Greenberg makes a paella with chorizo-style tofu sausage. Jacobi uses bacon-flavored tempeh in red flannel hash and includes hickory-flavored tempeh in her wild rice salad with pecans. In her cheesecake, she combines soft tofu with tofu cream cheese.

Marie Oser is another fan of soft tofu. When she was creating recipes for a book on low-fat desserts, the Los Angeles-based food writer used it as a replacement for sour cream. Her research into soy spawned a second cookbook, the just-released “Soy of Cooking” (Chronimed Publishing; $15.95). Her recipes are a far cry from ‘70s tofu cuisine. She makes mushroom pa^te, frozen fudge cheesecake, Alfredo sauce for pasta and a filling for pumpkin ravioli.

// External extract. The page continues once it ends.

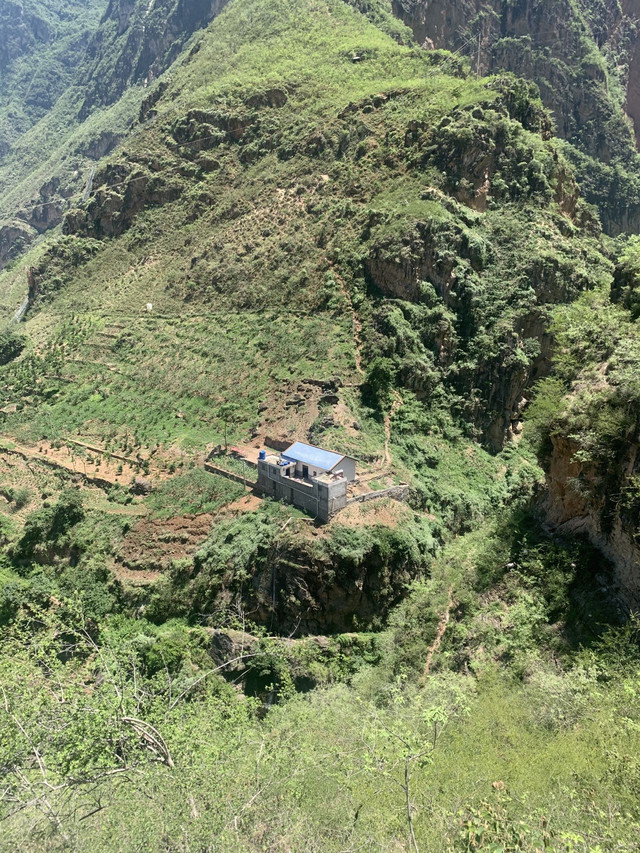 下午一点钟赶到悬崖村,结果由于疫情原因不开放。想着已经到村口了,总要让小孩感受一下天梯,买好装备主要是手套、水,临时换到悬崖村对面村庄也有一条天梯。其实天梯在凉山州比较普遍,只是悬崖村经过媒体报道才出圈了。出发去爬天梯,只上了两个天梯平台,就撤了,实在是露天太暴晒了,另外也高估自己了,踏在空空的两个钢管上看下去,恐高症爆发了,脚都发软了,确实当地老百姓出现太难了,也不安全。

All three authors believe the time is right for the mainstreaming of tofu. In the ‘70s, Jacobi believes, most cooks and diners weren’t ready for tofu.

“We needed the Asian cuisine explosion in the ‘80s to prepare for tofu,” Jacobi says. “In order to learn how to cook Chinese, Japanese or Thai food, cooks had to learn how to handle herbs, chiles and spices, and how to handle ingredients in order to change textures and flavors. That’s basically how you work with tofu.”